Ab initio Prediction of Stability and Photocatalytic Performance of Transition Metal Oxide Nanoscrolls

Metal oxides have been ideal host materials for a wide range of applications like catalysis, energy storage, and electronic devices, owing to their inherent stability and easy tunability of their properties. In recent times, there has been a significant effort to couple these properties with the effects of confinement that is unique to lower dimensional structures like 2D materials, in order to further enhance the range of applications of these materials.
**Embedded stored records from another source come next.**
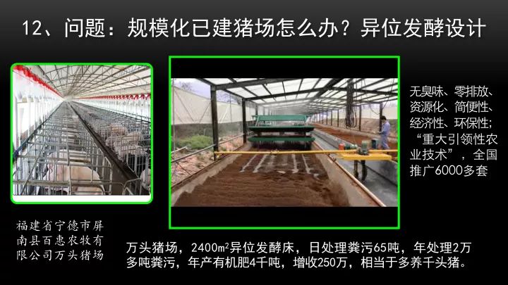 我們的一位朋友在福建寧德,他做了一個很現代化的養殖場,希望用發酵床來做污染治理。豬舍已經建好了,我怎么辦呢?我們想了一個辦法,給他設計了一個異位發酵床,就在原來豬舍的邊上,做一個發酵床,把豬糞的引到發酵床里面去,進行無臭處理。他的兩三萬頭的豬場,我們做了一個2000多平方米的異位發酵床,一年能夠處理2萬多噸的豬糞,沒有排放,也沒臭味解決了問題。
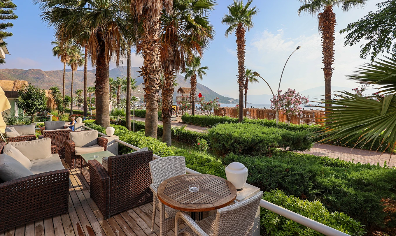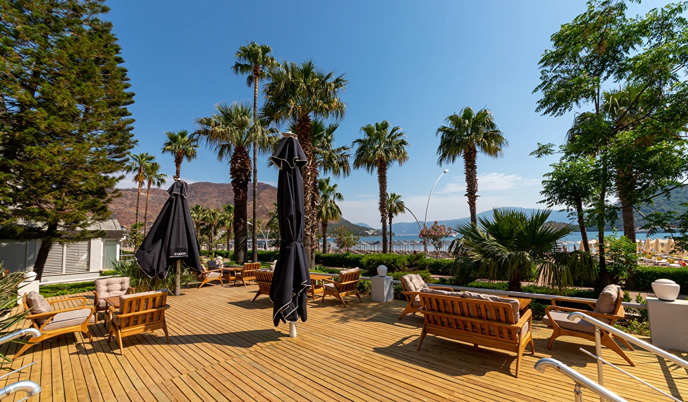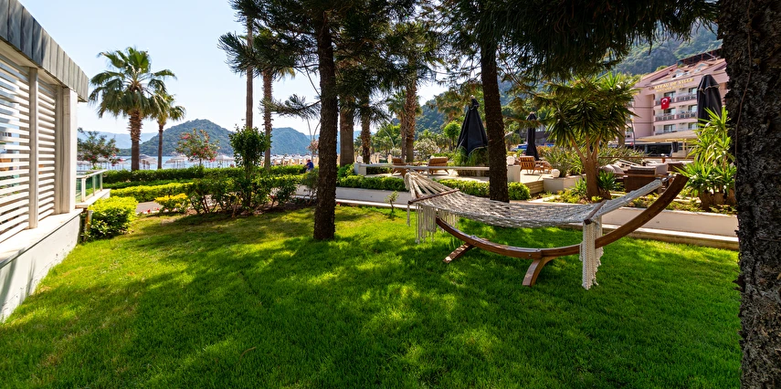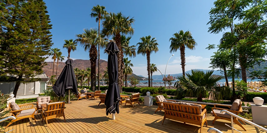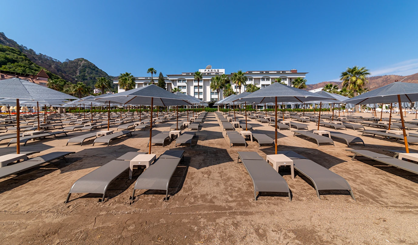 Plaj; Tesis “denize sıfır” konumdadır ve İçmeler Sahili’nde en uzun sahil şeridine sahip olan tek tesistir. Şemsi, şezlong, şezlong minderi ve plaj havlusundan misafirler ücretsiz yararlanabilirler.
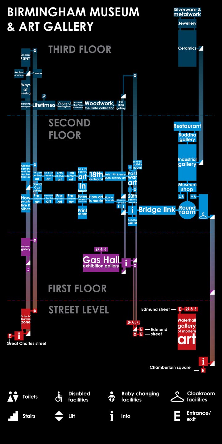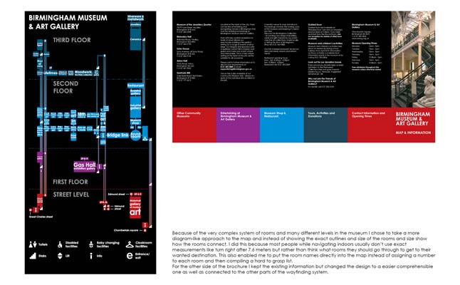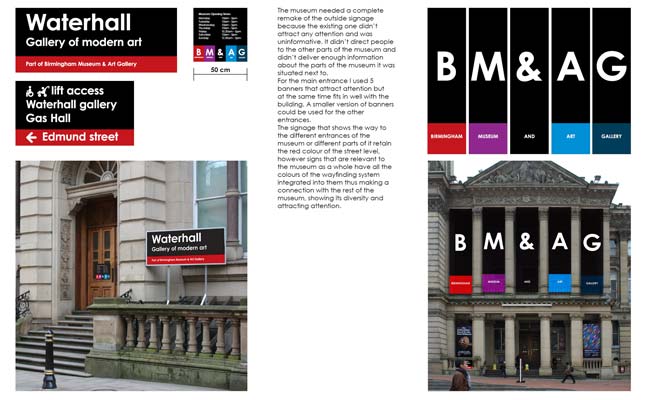 This was a university assignment to come up with a concept for a new wayfinding (or, more accurately, wayshowing) concept for Birmingham Museum and Art Gallery. It started my interest in all kinds of visual information systems, be it in the environment or online.

The primary bottleneck in these efforts is the lack of van der Waals layered bulk structures for oxides that could provide an immediately apparent cleavage plane^[1,2] to form low-dimensional oxides. A recent work by Wang et al^[3], eliminates this prerequisite by starting with layered transition metal dichalcogenide(TMDC) as a precursor, followed by a controlled oxidation of the top layers, resulting in quasi 1D nanoscrolls of a corresponding transition metal oxide. In this work, we use first-principles calculations to build a method to establish the feasibility of forming oxide nanoscrolls from TMDC precursors. We first devise a theoretical screening method to identify potential precursor TMDCs by an extensive search of current materials databases. We then proceed to find DFT-calculated physical parameters of possible nanoscroll structures and consequently use them to fit a physio-mechanical model of scrolls in order to predict the exact geometry of these structures. We finally use ab initio molecular dynamics calculations coupled with GW-calculated electronic structures to establish the performance of these structures as materials for photocatalytic water-splitting and H₂ storage.
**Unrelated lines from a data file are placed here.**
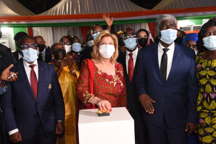 La Première Dame Dominique Ouattara a procédé au lancement de l’édition 2021 de l’illumination du District Autonome d’Abidjan, le jeudi 23 décembre 2021, au parc urbain ‘’Dominique Ouattara’’ à la Riviera 3, près du rond-point Mel Eg Théodore. Drapant pour ainsi dire la ville d’Abidjan d’un beau manteau de lumières à quelques jours du nouvel an.
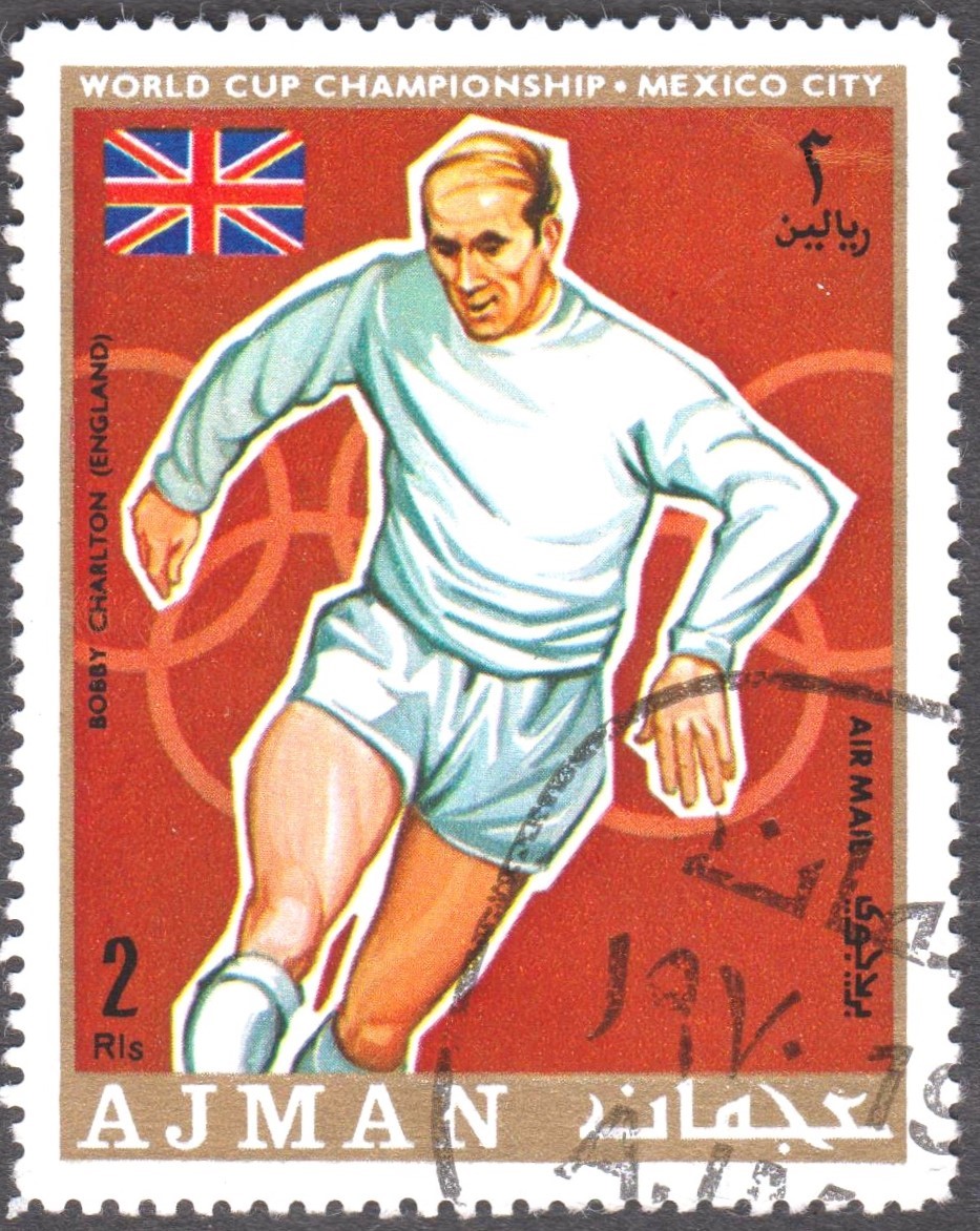 Es folgt noch eine Marke (MiNr 1960) mit einer Spielszene und den Emblemen des der Fußballverbände Großbritanniens und der Tschechoslowakei.
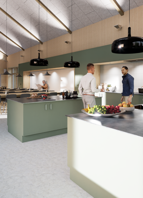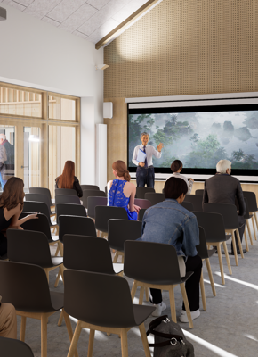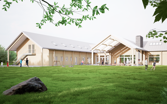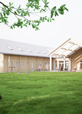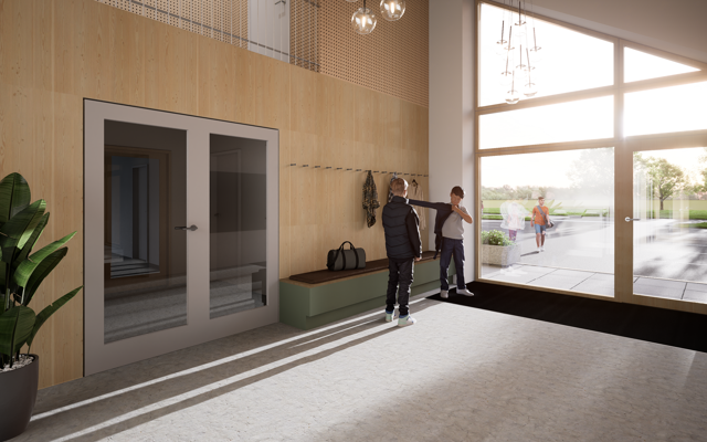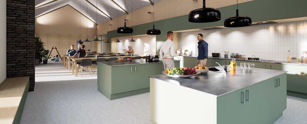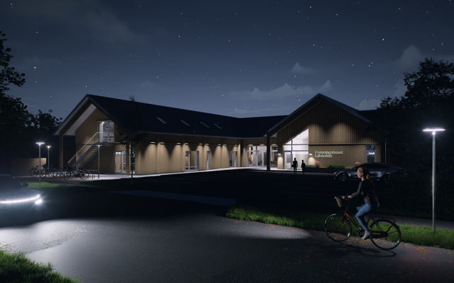 Materialerne er valgt med omtanke for både miljø, indeklima og drift: limtræ i de bærende konstruktioner, træbeklædning udvendigt og varme træoverflader i udvalgte indvendige zoner, der tilsammen giver bygningen et robust og imødekommende udtryk – og en kvalitet, der holder over tid.

[1] Guo, Yuqi, Gupta, A. et al. "Exfoliation of boron carbide into ultrathin nanosheets." Nanoscale 13.3 (2021): 1652-1662.

[2] Gupta, A., T. Biswas, and A. K. Singh. "Anomalous stability of non-van der Waals bonded B4C nanosheets through surface reconstruction." Journal of Applied Physics 132.24 (2022).

[3] Chu, Ximo S., et al. "Formation of MoO₃ and WO₃ nanoscrolls from MoS₂ and WS₂ with atmospheric air plasma." Journal of Materials Chemistry C 5.43 (2017): 11301-11309.